И поэтому когда из России звучат предложения вести какие-то переговоры, ну так надо за них цепляться и пробовать вести эти переговоры. Но они же даже не пробуют!
Мария Чуприна: Все, что вы говорите, звучит несколько, на мой взгляд, безнадежно, потому что перспектив, что в мире появится какой-то человек, который будет серьезно, на серьезном уровне заниматься политикой и понимать все эти процессы, на мой взгляд, их пока нет. Что остается делать?

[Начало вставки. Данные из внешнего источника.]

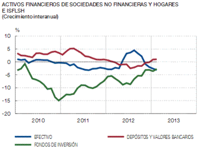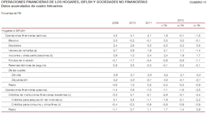 Y en relación al porcentage respecto al PIB: "[...] la inversión de los hogares en activos financieros [...] en términos acumulados de doce meses [del 2012][...] Destacó la inversión en depósitos, que concentró el grueso de los flujos en este período [...]. En contraposición, las desinversiones más cuantiosas en el conjunto del año se registraron en los valores de renta fija y en los fondos de inversión [...]."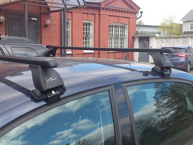 Багажная система Lux - это простая, но надежная конструкция, состоящая из трех основных частей: дуг, опор и адаптеров. Дуги изготовлены из стального прямоугольного профиля 20х30 мм, их длина - 1200 мм, поверх дуги имеется рельефная пластиковая оболочка черного цвета. Концы дуг закрываются парой заглушек. Дуги опираются на 4 стойки, производимые из прочного пластика. Фиксация на крыше производится с помощью системы адаптеров за дверной проём. Задняя дуга также крепится дополнительно системой винтов в штатные места.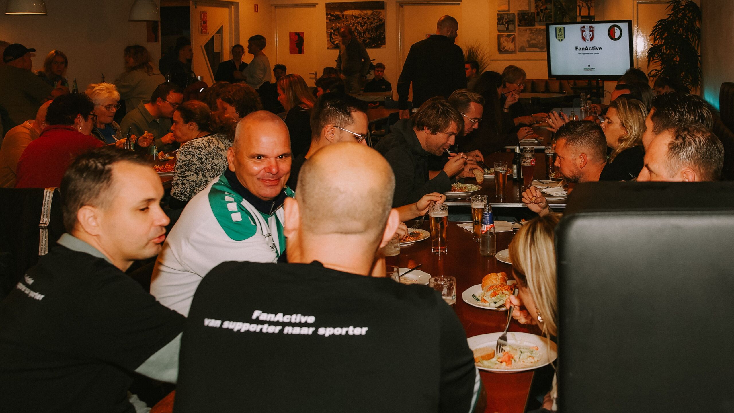 Bij Jubal Dordrecht stond een sportieve maaltijd klaar, net als bij de spelers zelf. Na korte toelichtingen van de drie clubs volgde een gezellige pubquiz met vragen over de drie verenigingen en het FanActive-programma. Daarna wandelden de groepen samen naar het stadion, waar volop werd gepraat over wie er zou winnen.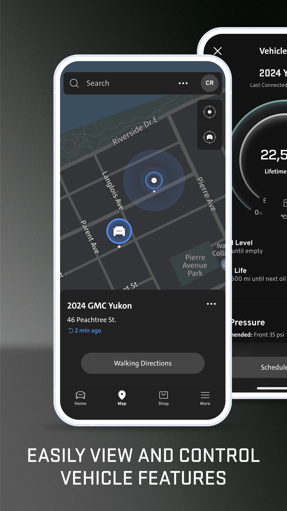 Check your vehicle’s status to monitor fuel level, oil life, tire pressure and more, making it easy for you to stay on top of your vehicle’s health and schedule service with your participating Dealer without leaving the app.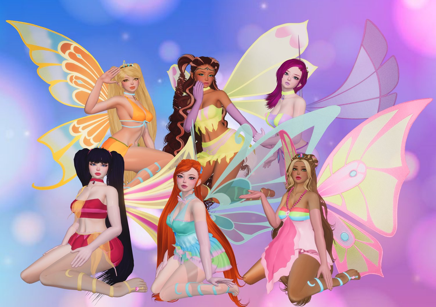Fairy Aura, Wings, Enchantix Outfits, Enchantix Tiaras & Acc, Casual Clothing, Enchantix Sandals all made from scratch by me.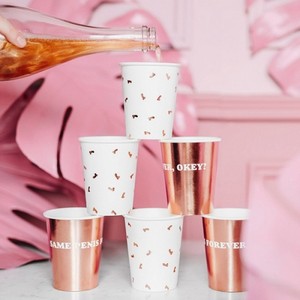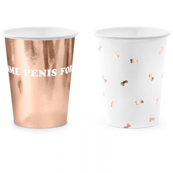polovina sady je celá ze zrcadlově růžovo-zlatých kelímků s bílým nápisem Same Penis Forever.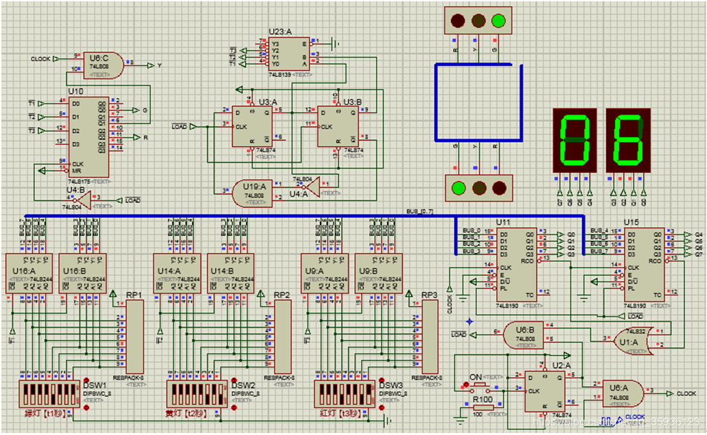 交通灯系统的电路如下图7所示:环形的路口上有南北向的两组红黄绿LED灯和一对数码管(显示倒计时),路口左边是整个系统的核心:时序发生器电路;路口下方是一个由BUS总线连接的计数器电路。在上图6(左)中,状态机在每个状态【Tx】中完成两个操作:LED灯亮和显示倒计时。时序发生器产生节拍{#T1, #T2, #T3},直接控制红黄绿交通灯;而计数器电路负责数码管的倒计时显示。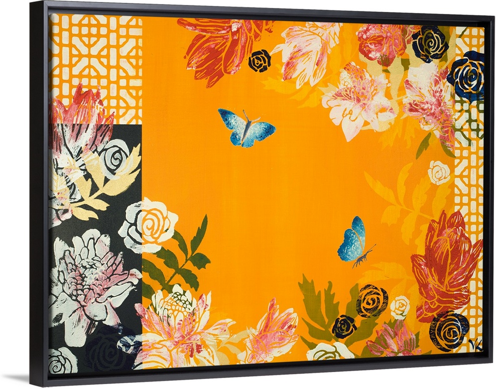 <p>Painting of two butterflies in garden of ginger flowers with yellow background and navy and yellow screens.</p>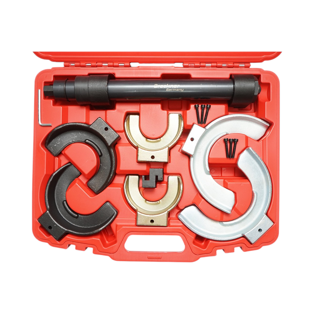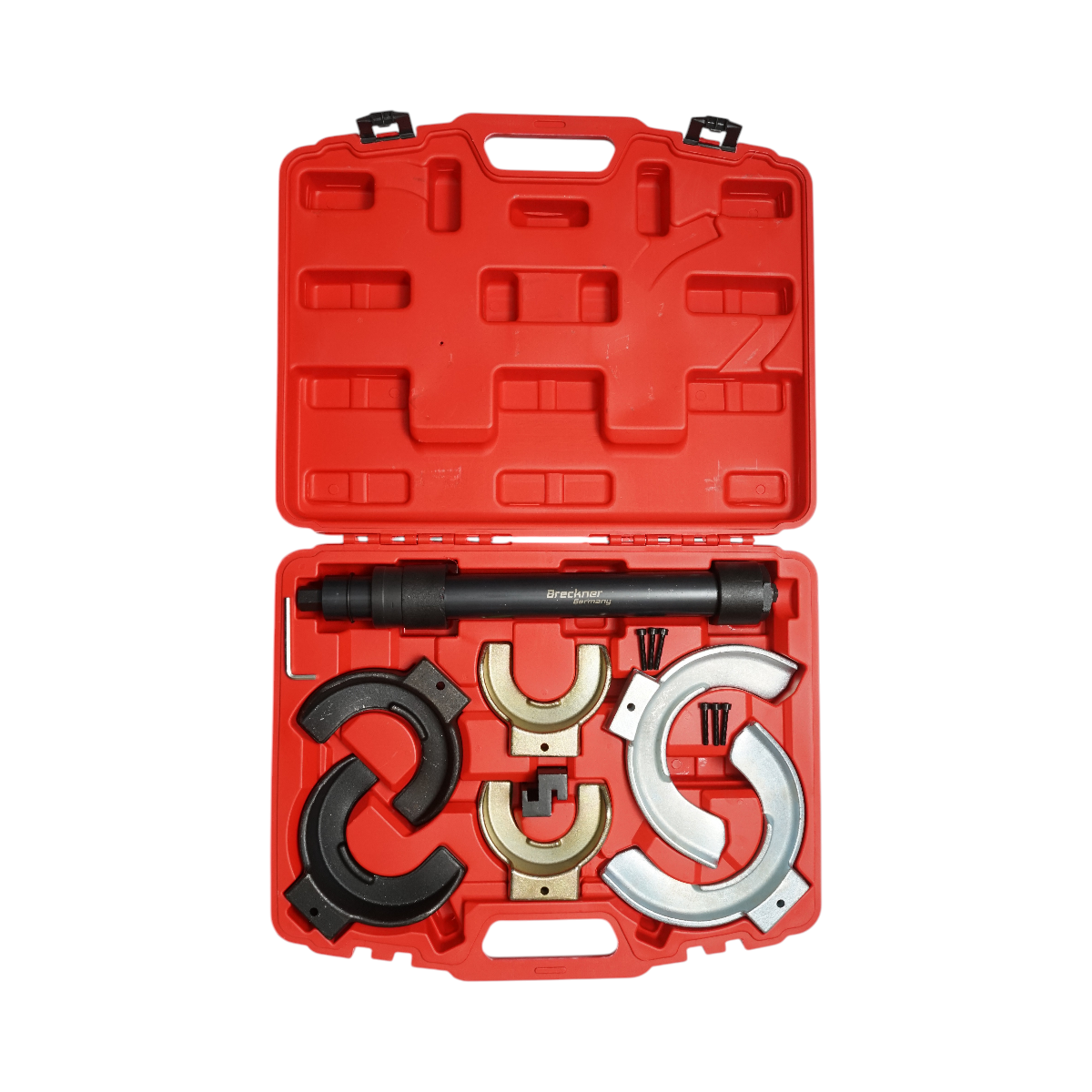 Trusa presa pentru arcuri elicoidale este conceputa pentru comprimarea in siguranta a arcurilor de suspensie auto in timpul operatiunilor de service si inlocuire amortizoare. Sistemul include 3 seturi de gheare interschimbabile, acoperind o gama larga de diametre, fiind potrivit atat pentru arcuri elicoidale standard, cat si pentru arcuri conice.

Просто ждать, надеяться на чудо?
Григорий Явлинский: Ну, во-первых, я все же верю, что темы, которые мы с вами обсуждаем, и выводы, которые мы делаем, в конце концов достигнут понимания.
Кроме того, на самом деле риски, которые принимает на себя Белый дом в Вашингтоне, риски, которые принимает на себя Киев, риски, которые принимает на себя Европейский союз, риски Москвы настолько серьезны и велики, что раньше или позже все вот эти главные субъекты всей этой ситуации раньше или позже придут к пониманию.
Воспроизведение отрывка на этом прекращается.